Staying Connected — Teachers Penny Carnrite & Brittany Reid on their Teaching Practice

May 4, 2020

Teachers and staff across the District have suddenly had to re-think how we deliver, not only education to our students, but also how we interact with them, and one another. We need to stay connected, even though that may look differently than it used to. During these unprecedented times, our teachers and staff have been working hard to maintain the safety and supporting the health and well-being of our students. They have been delivering the Continuity of Learning Plan, while trying to follow provincial physical distancing guidelines.

So, what does that look like for our teachers and staff? As part of this new Staying Connected series, just in time for Teacher Appreciation Week, we got in touch with some educators, so they could share their experiences.

Penny Carnrite

Penny Carnrite & Brittany Reid

Grade/subjects: Humanities Teacher 9-12 & Humanities/Resource Teacher Grade 8-12
Langley Fine Arts Secondary

We began mentally preparing for the shift in learning during Spring Break when Dr. Bonnie Henry announced school closures. Upon “returning” after Spring Break, our school and department worked collaboratively to further refine and develop lessons and assessment which needed to reflect the content and competencies of the course while considering the learning needs of each individual student in an online environment.

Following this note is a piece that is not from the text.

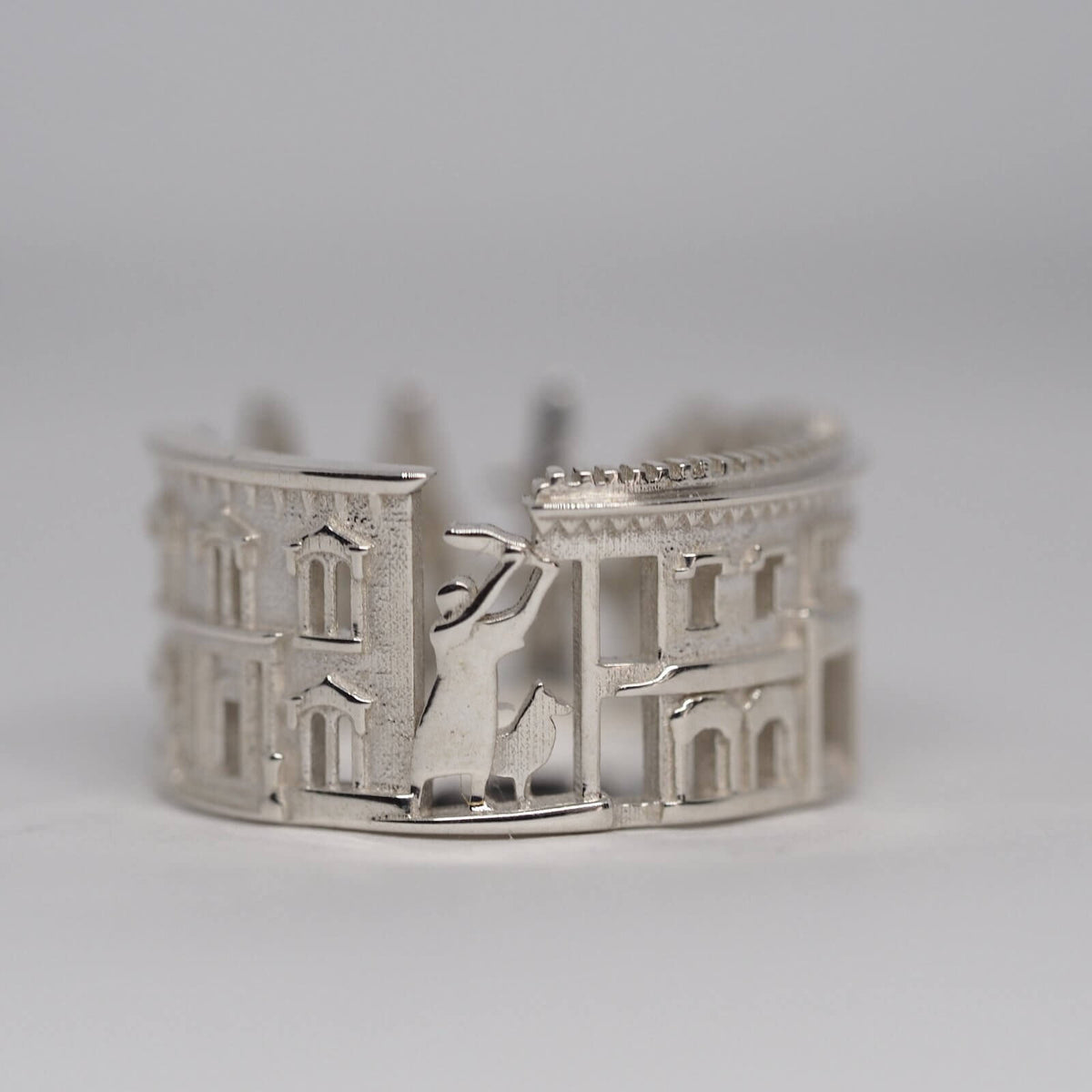 Inspired by living in multiple cities and countries, California-based designer Ola Shekhtman creates unique cityscape rings. Her sculptural creations reflect iconic architectural landmarks from beloved cities worldwide. Everyone has places that are special to them and hold a lot of significance. Available in sterling silver, gold or platinum, Ola's rings allow you to carry your favorite places with you always and be reminded of precious moments and memories at a glance.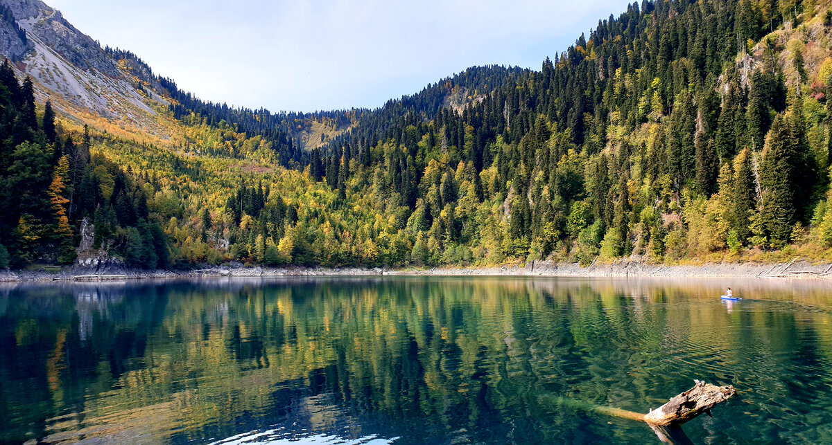 Привет, камрады. По просьбе подписчиков, в соавторстве со старейшим краеведом Абхазии, Эдуардом Чернопятовым, я знакомлю вас с ТОП - 50 лучших туристических объектов Абхазии. С ТОП-50 Вы можете ознакомиться здесь.. Малая Рица, несомненно, одно из самых красивых высокогорный озер Кавказа. А 1891 году, во время сильного землетрясения, обрушившаяся часть горы Пшагишхи образовала дамбу. В начале завала, на 335 м. выше Рицы образовалось озеро - Малая Рица. К нему ведет крутая лесная тропа (5 км в один конец). Проложенная выше старой тропы, она меньше подвержена завалам и оползням, имеется маркировка на деревьях. На полпути, после выполаживания тропы минуем похожее на канал лесное озеро с прозрачной водой. Даже на 3-х метровой глубине виден каждый камушек, затонувшие листья. Дальше тропа становится чище. Далее по тропе можно сбиться с маршрута, в местах, похожих на развилку (их будет 2) нужно сворачивать вправо. И, наконец, за деревьями разливается яркая синева озёрной глади. Спускаемся

Adjustments to assignments, tasks and assessments are being done on an ongoing basis as we learn from this experience and get feedback from both students, parents and other staff members. We reviewed the learning tasks we assigned, being careful not to overwhelm our learners. Because the tasks invite greater inquiry, our students are diving deeper into their learning.

Brittany Reid

In each of our courses we have created weekly lesson plans that allow for flexibility of student schedules. As teachers, we felt that it was important to be mindful that every household has different needs in the pandemic. Some students may have other family responsibilities, like looking after younger brothers and sisters, or they may not have access to technology when parents are working at home.

It was really important to provide flexible schedules for the students and parents. For the remainder of the year, we have decided to focus on essential curricular competencies. Each of the weekly lesson plans provides a space for the students to practice skills and strategies they are learning and to get constructive feedback along the way.

The learning needs of our learners are diverse. Students learning is assessed using learning pathways that are designed to provide an access point to the curriculum and to create individualized learning journeys. These pathways allow students to access lessons and activities at different levels. The new BC curriculum has been extremely helpful because it allows flexibility and adaptability.

We have stressed to both students and parents that communication is key and have received a lot of positive feedback from both. By keeping the conversation open, those involved feel safe to voice their concerns or to get extra help or direction. The Microsoft Teams Application has been integral in providing effective communication and will definitely be a tool that we continue to use in the future to help facilitate communication with my students and parents.

We are finding that students have different opportunities to communicate.  They are able to use the “chat” function to communicate to the teacher and get immediate feedback. If students have questions while doing their assignments, they can get them answered in a timely fashion, instead of waiting for the next school day.

The software we are using to communicate with our students is Microsoft Teams. This is the platform our school district has selected because it is safe and secure. Our District and school administrators are mindful of the need to provide a safe and professional community. The program has been amazing in allowing us to connect with our students in live or pre-recorded video, messaging chats and email.  As mentioned above, Teams has been a really great way to check-in with students. We are finding that students who may not have checked in before are now doing so.

Students are using Microsoft Teams to meet. For example, the environmental club at Langley Fine Arts, The Green Team, has continued weekly meetings on Microsoft Teams. Students are using the platform to create social change. We meet to share news and initiatives that they are planning and are currently implementing. The Graduates of 2020 are also using this platform to meet online and provide support to each other.

Brittany and I have noticed that we are spending more time planning, teaching, and communicating. Our job as teachers have always reached beyond the school day. During this time of remote learning we are switching off the computer much later than we use to. We are saddened by the stories of struggle and loss. The trade-off is that we are collaborating more with each other and our departments. We are kind to the environment by using less resources like paper.  We are having meaningful and heartfelt conversations with students, administration and our colleagues. We are slowing down our teaching and our learning. We are noticing  Indigenous Principles of Learning which celebrates the balanced and generational learning  taking place in the homes of our students. We are finding out our students and parents are grateful for the extra time we are spending doing our job. But most importantly, we are learning what we truly value as educators: the children and each other.